Certains de nos collègues à Gaza ont reçu des menaces directes de l’armée israélienne par des appels téléphoniques, des messages ou les réseaux sociaux leur intimant d’arrêter de travailler. Leurs maisons ou leurs voitures ont été bombardées, certains ont perdu la vie et d’autres ont perdu leurs proches pour cette raison.
Le syndicat des journalistes palestiniens condamne les menaces et les assassinats de journalistes, qui constituent un crime de guerre manifeste et une violation des droits humains et du droit international, visant à réduire au silence les journalistes palestiniens et à leur interdire d’effectuer leur travail. Sans les journalistes palestiniens à Gaza, nous n’aurions pas pu être informés des massacres de civils à Gaza, du génocide qu’Israël continue de commettre contre les femmes, les enfants, les médecins, les journalistes, les familles, les enseignants, les humanitaires et d’autres encore. Les journalistes de Gaza nous ont dit « nous avons porté nos gilets de sécurité et nos casques en pensant que nous serions en sécurité et protégés comme le stipule le droit international, mais pour Israël nos gilets de sécurité étaient un signe pour nous bombarder, nous étions et sommes toujours des cibles », certains ont décidé d’arrêter de faire des reportages pour sauver leur vie.
La perte, la peur et le traumatisme dont parlent nos collègues sont difficiles à expliquer. Il n’y a pas d’endroit sûr à Gaza, où ils puissent travailler en toute sécurité.
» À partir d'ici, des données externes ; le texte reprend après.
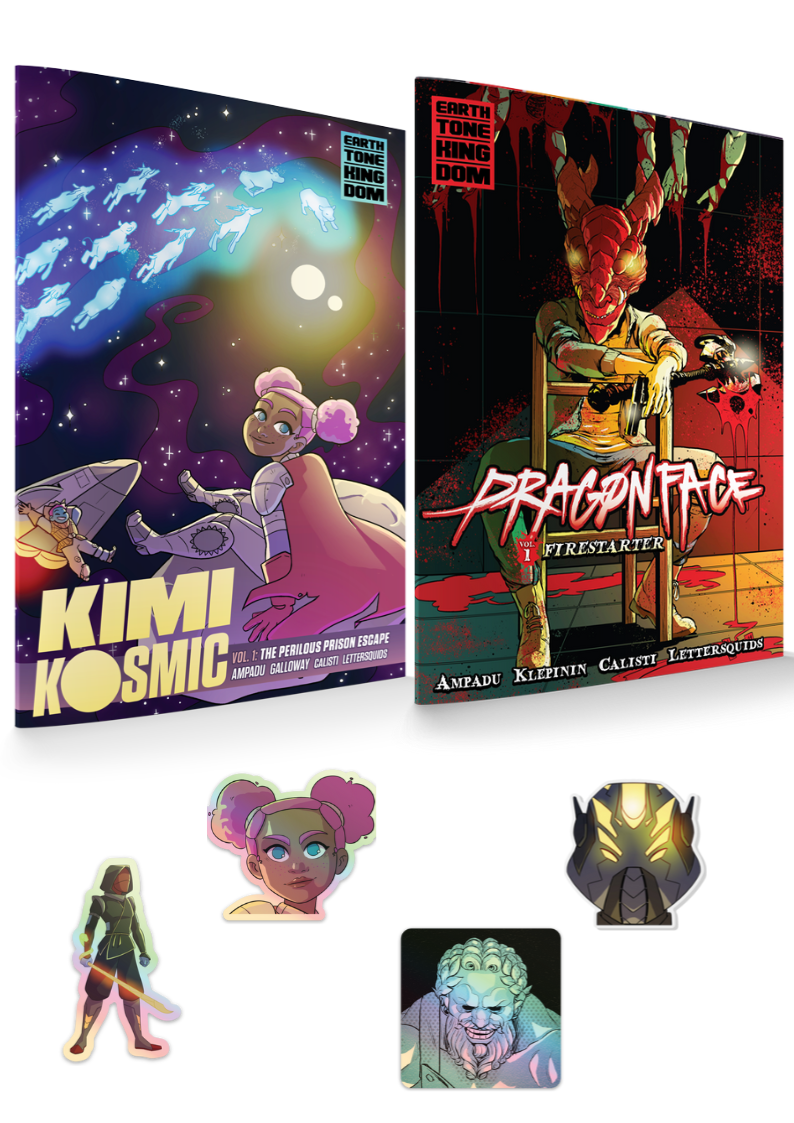 - 2 KIMI KOSMIC or DRAGONFACE STICKER or ENAMEL PIN (randomly selected based on supply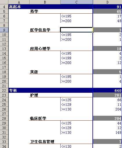 因此,统计有四个条件:大学文科:135分,大学理科:130分,高中起点文科:200分,大学毕业分数:150分
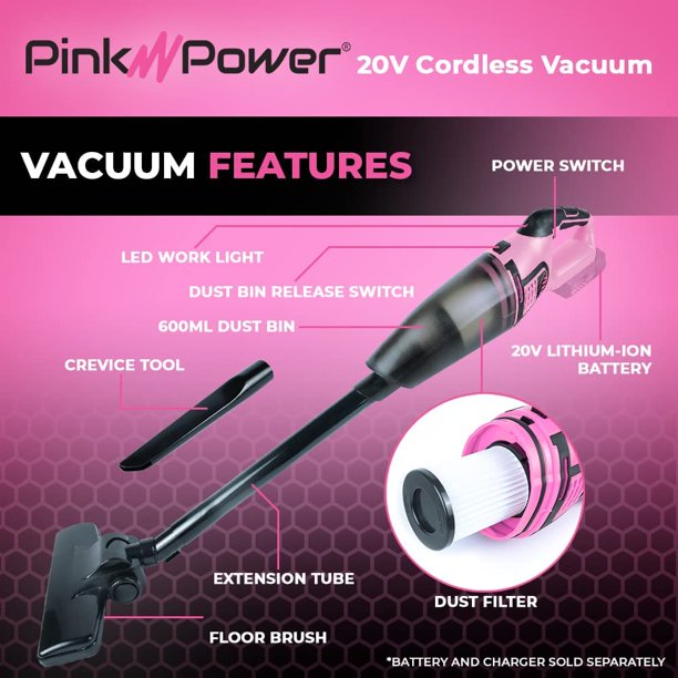 Pink Power Lightweight Cordless Vacuum Cleaner - Bare Tool Only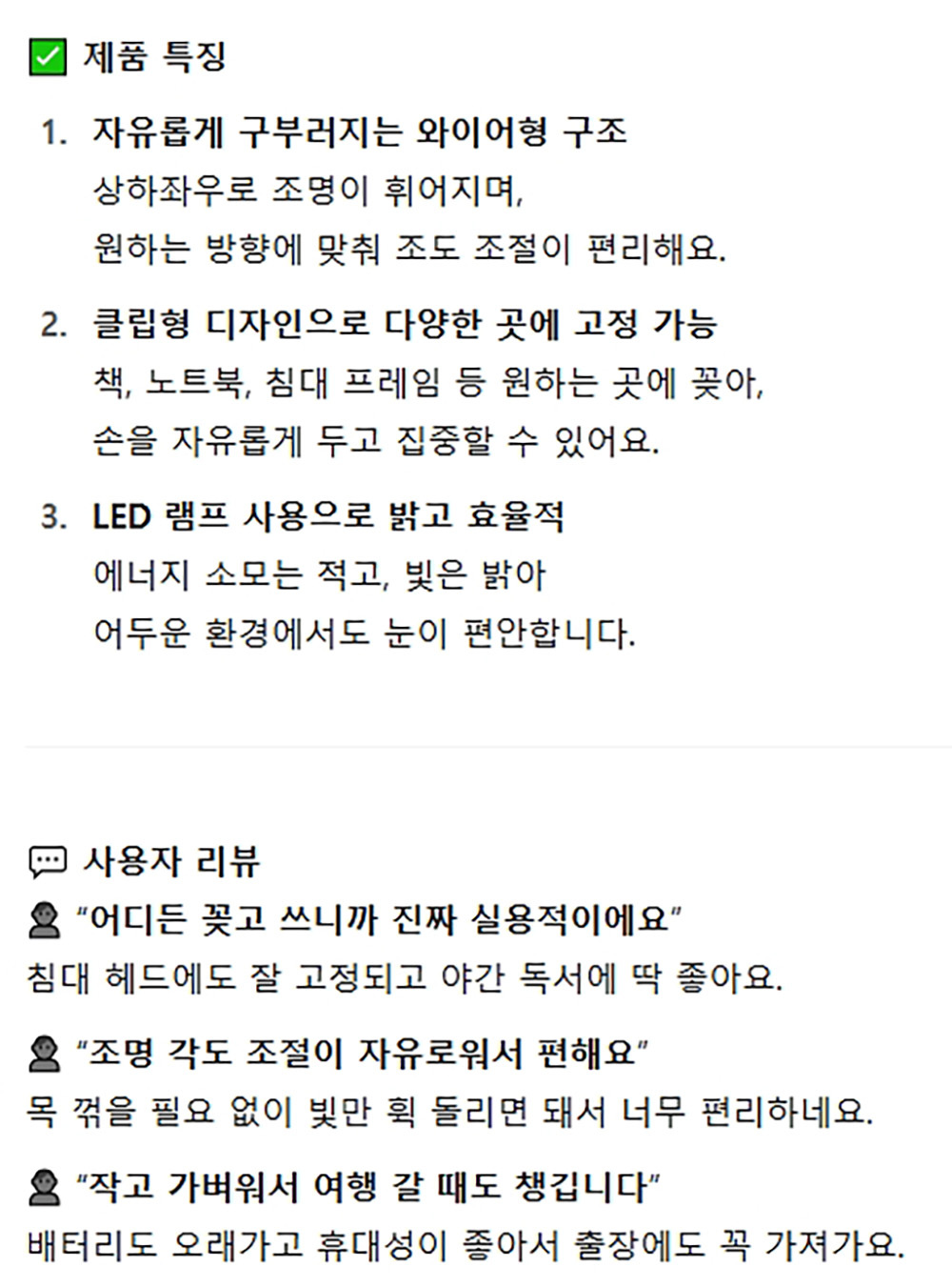 자유롭게 구부러지는 와이어형 구조 독서 북라이트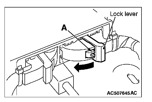 2. While pushing the part "A" indicated in the figure of the harness side connector, turn the lock lever to the direction of the arrow to release the lock lever, and disconnect the C-30 SRS-ECU connector.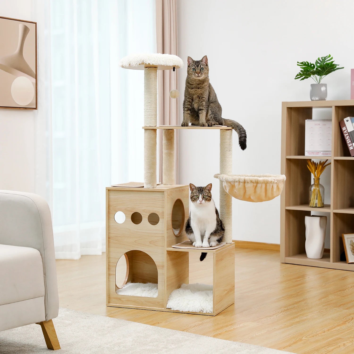 Wood Cat Tree with Sisal Scratching Posts, Large Top Perch, Deep Hammock, Cozy Cat Condo for Indoor, Multi-Level Cat Tower House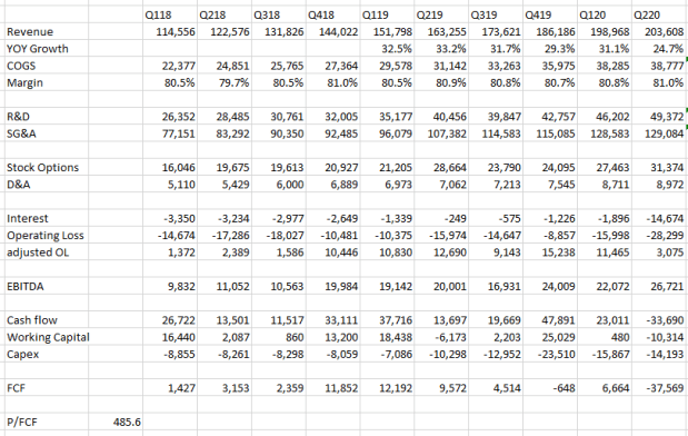 - Its really strange to me that Q220 cash flow was as bad as it was given results are basically similar yoy (and they are growing of course)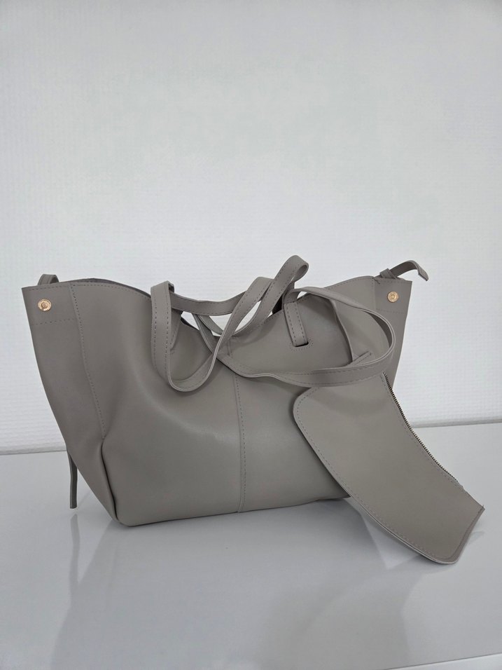 Gri deri kadın çanta, minimal tasarım ve kemerli detay ile. Günlük kullanıma uygun, çağdaş ve trend casual tarzda. cüzdanı yanında gelmektedir. içi süettir.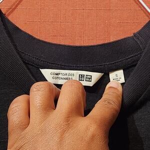 Uniqlo 100% Linen Women's Sz S Black T-Shirt Short Sleeve Relaxed Fit Top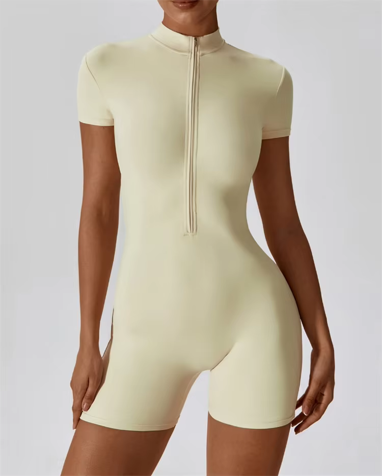 Dik Yakalı Yarım Fermuarlı Kısa Kollu , Tek Parça Gym Kıyafeti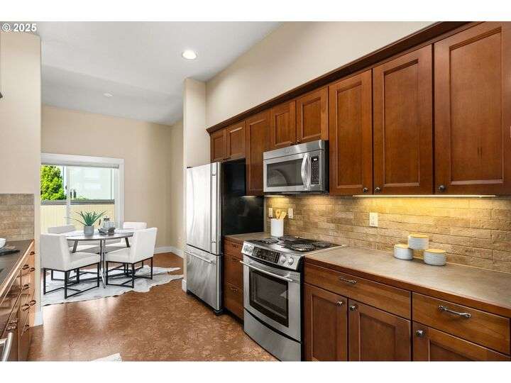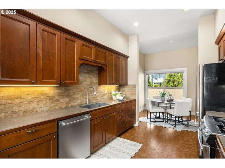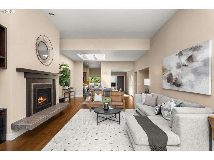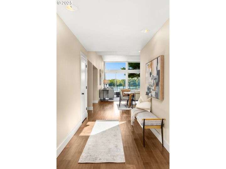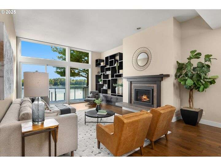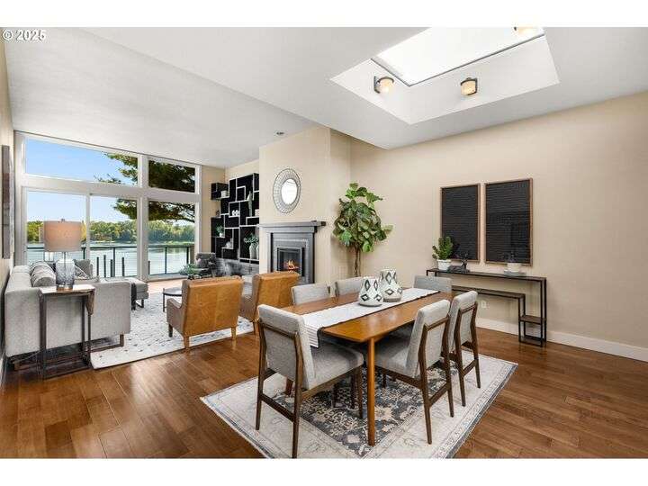 An incredible opportunity to live on the water! This luxurious single-level condo in Portland’s John’s Landing showcases sweeping views of the Willamette River, city skyline, and surrounding mountains. Floor-to-ceiling windows, soaring ceilings, skylights, and high-end finishes create a light-filled space that blends elegance with comfort. Inside, the living room centers around a cozy gas fireplace with doors opening directly to the private, east-facing deck—perfect for morning coffee or evening unwinding. The flowing layout connects the living room to the dining area and then to the kitchen, complete with a charming breakfast nook. With two bedrooms and two bathrooms, including a primary suite featuring panoramic river views and sliding doors to the deck, every corner of this home is designed for relaxation and style. Beyond your walls, the lifestyle is unmatched. Wander along nearby riverfront trails by foot or bike, explore the local shops and farmer’s market, or enjoy the convenience of being just minutes from downtown Portland. With two parking garages and generous storage for all your Pacific Northwest gear, this condo offers the perfect blend of luxury, convenience, and adventure.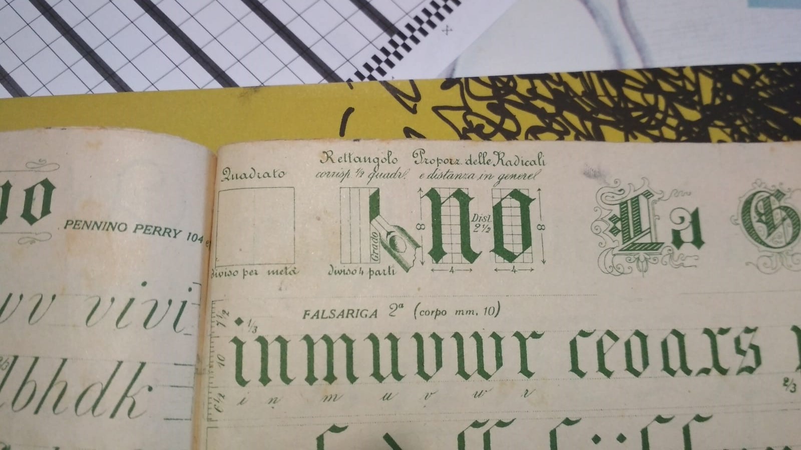 Notate come viene rappresentato il grado calligrafico e come emerga proprio da questa immagine la rilevanza che ha, come unità di misura, per definire le proporzioni dello scritto.
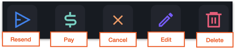 There are several options available once an invoice is sent. In the Invoices tab on the left panel, you’ll find a listing of all invoices. On the right side of each invoice (under Actions), up to five action options will appear.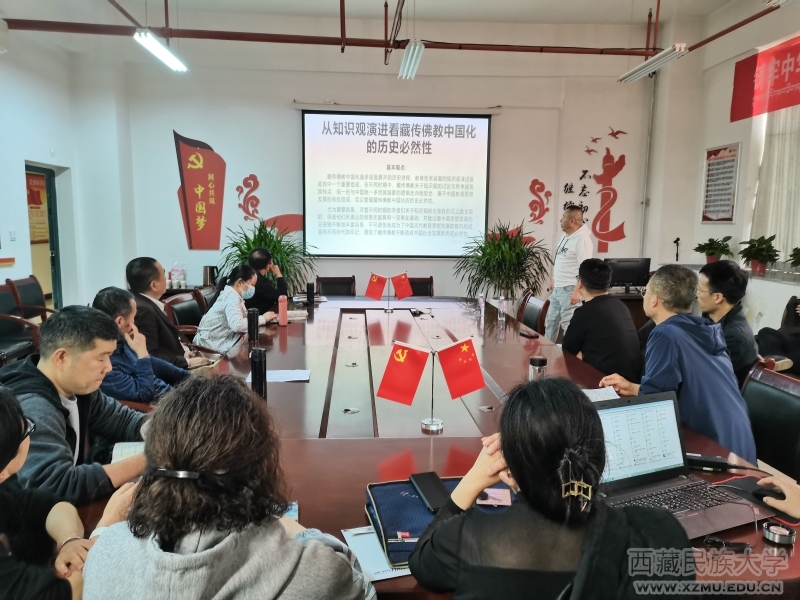 张屹作题为《从知识观演进看藏传佛教中国化的历史必然性》的学术交流。他分析了藏传佛教中国化多层面展开的历史过程,认为藏传佛教关于知识观的讨论和思考虽各具特点,但与中国统一多民族国家历史发展相契合,指出只有不断中国化才是藏传佛教的未来坦途。

La situation en Cisjordanie est également critique pour les journalistes. Au PJS, nous avons signalé près de 300 attaques contre des journalistes au cours des sept derniers mois, et 60 journalistes ont été attaqués par des colons israéliens armés.
Dix-huit journalistes ont été blessés par des soldats israéliens par balles alors qu’ils tentaient de couvrir l’actualité, bien qu’ils aient porté leur gilet de presse. D’autres collègues ont vu les soldats briser leur matériel ou les obliger à rester pendant des heures aux points de contrôle militaires israéliens, d’autres ont été menacés par des soldats et des colons.
Ce que nous vivons en tant que journalistes n’est pas nouveau. Je peux en témoigner : « je suis journaliste depuis trente ans, et j’ai fait face à de nombreuses attaques israéliennes de la part de soldats et de colons ; nous avons perdu 55 journalistes tués par Israël depuis l’an 2000 jusqu’au 6 octobre, 9000 attaques contre des journalistes ont été rapportées par PJS depuis 2012 jusqu’au 6 octobre, y compris des tirs, blessures, arrestations, destructions d’équipements, menaces, humiliations, invasions de bureaux. Nous nous déplaçons entre les villes de la Cisjordanie avec difficulté et dans la peur à cause des 500 points de contrôle militaires israéliens, le mur et les colonies, alors que les journalistes de Gaza ont vécu et travaillé 18 ans sous le siège militaire israélien, qui est toujours en place aujourd’hui. »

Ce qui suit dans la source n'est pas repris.